Chengxin Li, Saiqin Long, Haolin Liu, Youngjune Choi, Hiroo Sekiya, Zhetao Li
IEEE Transactions on Information Forensics and Security 19 6070-6083 2024年
Sparse Mobile CrowdSensing (SMCS) effectively lowers sensing costs while maintaining data quality, offering an alternative approach to data collection. Unfortunately, the fact that data contain sensitive information raises serious privacy concerns. Local Differential Privacy (LDP) has emerged as the de facto standard for ensuring data privacy. However, the LDP based on the perturbation concept causes a substantial reduction in the data utility of the SMCS system. To address this problem, we propose a novel scheme named enhancing Sparse mobile crowdsensing With manifold Optimization and differential Privacy (SWOP).
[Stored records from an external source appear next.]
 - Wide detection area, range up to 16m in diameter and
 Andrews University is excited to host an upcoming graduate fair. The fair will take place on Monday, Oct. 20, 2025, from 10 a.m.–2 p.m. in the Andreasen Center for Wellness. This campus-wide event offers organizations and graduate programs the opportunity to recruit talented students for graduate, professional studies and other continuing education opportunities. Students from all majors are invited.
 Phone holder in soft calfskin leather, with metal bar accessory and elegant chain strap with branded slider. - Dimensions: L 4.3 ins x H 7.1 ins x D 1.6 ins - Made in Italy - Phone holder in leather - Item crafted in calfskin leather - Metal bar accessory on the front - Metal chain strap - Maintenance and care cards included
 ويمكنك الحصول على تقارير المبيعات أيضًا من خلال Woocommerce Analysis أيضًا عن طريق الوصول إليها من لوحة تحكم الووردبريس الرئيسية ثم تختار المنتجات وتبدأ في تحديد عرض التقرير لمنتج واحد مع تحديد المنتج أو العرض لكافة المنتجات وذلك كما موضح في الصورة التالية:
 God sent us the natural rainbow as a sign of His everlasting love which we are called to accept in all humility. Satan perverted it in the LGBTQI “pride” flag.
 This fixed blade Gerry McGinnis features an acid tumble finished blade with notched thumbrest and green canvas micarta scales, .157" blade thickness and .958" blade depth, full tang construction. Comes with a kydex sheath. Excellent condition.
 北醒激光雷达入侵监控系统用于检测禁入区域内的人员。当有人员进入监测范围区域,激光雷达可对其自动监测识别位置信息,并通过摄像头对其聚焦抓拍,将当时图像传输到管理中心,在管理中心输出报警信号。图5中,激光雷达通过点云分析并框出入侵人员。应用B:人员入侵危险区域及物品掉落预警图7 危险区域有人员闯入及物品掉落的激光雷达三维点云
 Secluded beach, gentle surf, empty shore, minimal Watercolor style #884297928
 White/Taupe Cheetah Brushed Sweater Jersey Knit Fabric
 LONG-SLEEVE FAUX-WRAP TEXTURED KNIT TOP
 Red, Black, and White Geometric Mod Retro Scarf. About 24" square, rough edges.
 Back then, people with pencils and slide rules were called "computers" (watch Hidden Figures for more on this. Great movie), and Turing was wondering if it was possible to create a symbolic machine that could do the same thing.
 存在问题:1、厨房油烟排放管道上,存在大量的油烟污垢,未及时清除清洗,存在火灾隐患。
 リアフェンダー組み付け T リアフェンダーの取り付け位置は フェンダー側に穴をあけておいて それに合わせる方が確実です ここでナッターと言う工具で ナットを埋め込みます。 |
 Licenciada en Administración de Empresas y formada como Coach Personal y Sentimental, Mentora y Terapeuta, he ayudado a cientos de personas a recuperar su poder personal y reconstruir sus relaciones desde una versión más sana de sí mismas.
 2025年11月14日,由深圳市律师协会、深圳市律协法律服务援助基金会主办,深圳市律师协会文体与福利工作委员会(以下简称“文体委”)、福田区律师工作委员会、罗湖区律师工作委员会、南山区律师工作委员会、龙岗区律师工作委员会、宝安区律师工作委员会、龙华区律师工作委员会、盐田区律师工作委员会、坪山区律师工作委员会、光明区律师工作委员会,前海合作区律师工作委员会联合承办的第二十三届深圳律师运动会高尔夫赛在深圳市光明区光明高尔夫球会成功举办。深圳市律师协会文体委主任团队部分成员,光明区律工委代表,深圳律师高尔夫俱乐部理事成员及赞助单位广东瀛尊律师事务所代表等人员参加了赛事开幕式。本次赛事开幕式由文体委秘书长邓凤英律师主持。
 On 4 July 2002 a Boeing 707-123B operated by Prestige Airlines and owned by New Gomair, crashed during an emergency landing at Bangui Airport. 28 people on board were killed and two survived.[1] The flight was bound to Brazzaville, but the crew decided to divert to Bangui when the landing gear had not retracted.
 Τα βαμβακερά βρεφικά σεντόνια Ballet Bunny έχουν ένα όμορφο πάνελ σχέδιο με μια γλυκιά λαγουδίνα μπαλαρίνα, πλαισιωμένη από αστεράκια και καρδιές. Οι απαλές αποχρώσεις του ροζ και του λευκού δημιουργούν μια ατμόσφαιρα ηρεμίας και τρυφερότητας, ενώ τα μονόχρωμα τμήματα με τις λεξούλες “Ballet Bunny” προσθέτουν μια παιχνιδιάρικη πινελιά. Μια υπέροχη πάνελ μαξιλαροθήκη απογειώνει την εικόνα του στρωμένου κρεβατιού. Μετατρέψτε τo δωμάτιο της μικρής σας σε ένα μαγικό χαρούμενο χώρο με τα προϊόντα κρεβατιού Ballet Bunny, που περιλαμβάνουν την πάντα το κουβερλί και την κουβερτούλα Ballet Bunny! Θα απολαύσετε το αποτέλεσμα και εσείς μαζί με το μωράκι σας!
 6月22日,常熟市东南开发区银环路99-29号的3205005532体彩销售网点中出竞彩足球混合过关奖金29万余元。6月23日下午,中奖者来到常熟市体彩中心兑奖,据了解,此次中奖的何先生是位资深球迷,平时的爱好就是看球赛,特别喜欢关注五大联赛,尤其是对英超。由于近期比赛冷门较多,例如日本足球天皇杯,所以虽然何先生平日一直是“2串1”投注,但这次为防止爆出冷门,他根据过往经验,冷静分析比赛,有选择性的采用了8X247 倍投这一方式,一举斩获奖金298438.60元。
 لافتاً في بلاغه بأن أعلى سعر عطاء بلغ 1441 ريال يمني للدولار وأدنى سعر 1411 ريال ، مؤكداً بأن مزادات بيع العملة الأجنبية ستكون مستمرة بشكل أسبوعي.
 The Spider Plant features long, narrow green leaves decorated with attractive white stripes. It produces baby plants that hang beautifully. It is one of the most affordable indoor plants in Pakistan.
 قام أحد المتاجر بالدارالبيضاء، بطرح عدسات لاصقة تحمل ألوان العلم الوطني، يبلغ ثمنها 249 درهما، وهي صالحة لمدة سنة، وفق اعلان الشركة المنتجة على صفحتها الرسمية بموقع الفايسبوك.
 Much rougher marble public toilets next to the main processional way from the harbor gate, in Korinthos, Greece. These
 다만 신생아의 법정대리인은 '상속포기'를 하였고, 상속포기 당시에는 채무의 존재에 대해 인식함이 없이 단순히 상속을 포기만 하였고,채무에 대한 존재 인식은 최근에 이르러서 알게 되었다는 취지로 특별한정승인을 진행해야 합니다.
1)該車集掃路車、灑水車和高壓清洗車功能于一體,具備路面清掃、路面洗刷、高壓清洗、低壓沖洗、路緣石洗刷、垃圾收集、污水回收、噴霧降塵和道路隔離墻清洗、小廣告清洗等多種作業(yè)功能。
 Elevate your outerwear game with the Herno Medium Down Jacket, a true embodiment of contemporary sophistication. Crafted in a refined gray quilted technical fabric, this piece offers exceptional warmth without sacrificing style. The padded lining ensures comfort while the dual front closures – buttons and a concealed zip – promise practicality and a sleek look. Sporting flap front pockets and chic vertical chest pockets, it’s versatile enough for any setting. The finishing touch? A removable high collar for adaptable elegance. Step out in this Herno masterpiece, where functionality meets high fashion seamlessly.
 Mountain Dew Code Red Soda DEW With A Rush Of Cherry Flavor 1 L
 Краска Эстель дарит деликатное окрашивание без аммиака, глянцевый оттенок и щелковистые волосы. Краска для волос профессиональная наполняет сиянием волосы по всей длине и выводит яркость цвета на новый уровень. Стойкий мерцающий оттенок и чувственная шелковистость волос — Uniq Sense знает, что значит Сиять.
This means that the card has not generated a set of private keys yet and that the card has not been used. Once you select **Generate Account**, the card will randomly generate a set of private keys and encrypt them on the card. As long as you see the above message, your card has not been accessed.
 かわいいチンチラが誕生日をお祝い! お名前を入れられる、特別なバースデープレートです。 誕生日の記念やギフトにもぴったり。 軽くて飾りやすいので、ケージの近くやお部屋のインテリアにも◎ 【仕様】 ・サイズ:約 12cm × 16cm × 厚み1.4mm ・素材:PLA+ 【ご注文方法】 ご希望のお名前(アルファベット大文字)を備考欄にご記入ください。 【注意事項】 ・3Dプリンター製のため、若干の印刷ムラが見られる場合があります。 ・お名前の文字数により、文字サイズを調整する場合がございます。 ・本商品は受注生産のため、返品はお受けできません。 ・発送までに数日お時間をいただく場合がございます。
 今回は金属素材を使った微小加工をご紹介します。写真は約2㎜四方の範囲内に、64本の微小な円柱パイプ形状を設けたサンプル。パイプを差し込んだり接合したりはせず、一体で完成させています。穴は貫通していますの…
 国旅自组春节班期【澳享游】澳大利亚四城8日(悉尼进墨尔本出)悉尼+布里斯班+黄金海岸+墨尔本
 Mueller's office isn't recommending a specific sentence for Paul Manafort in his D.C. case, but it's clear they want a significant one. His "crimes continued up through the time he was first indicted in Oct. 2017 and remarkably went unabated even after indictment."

Specifically, we first revisit the Gaussian mechanism based on the fact that data utility intervals are ubiquitous in sensing tasks, and introduce a novel perturbation mechanism, namely Truncated Gaussian Mechanism (TGM). Subsequently, we perturb user-collected data by locally injecting noise sampled from TGM and deduce a sufficient condition for the scale parameter to ensure ϵ -LDP. Furthermore, we model the data inference with privacy-preserving properties as an unconstrained optimization problem on a Riemannian manifold and solve it using the nonlinear conjugate gradient method. Extensive experiments on large-scale real-world and synthetic datasets are conducted to evaluate the proposed scheme. The results demonstrate that SWOP can greatly enhance the utility of data inference while ensuring workers' data privacy compared to baseline models.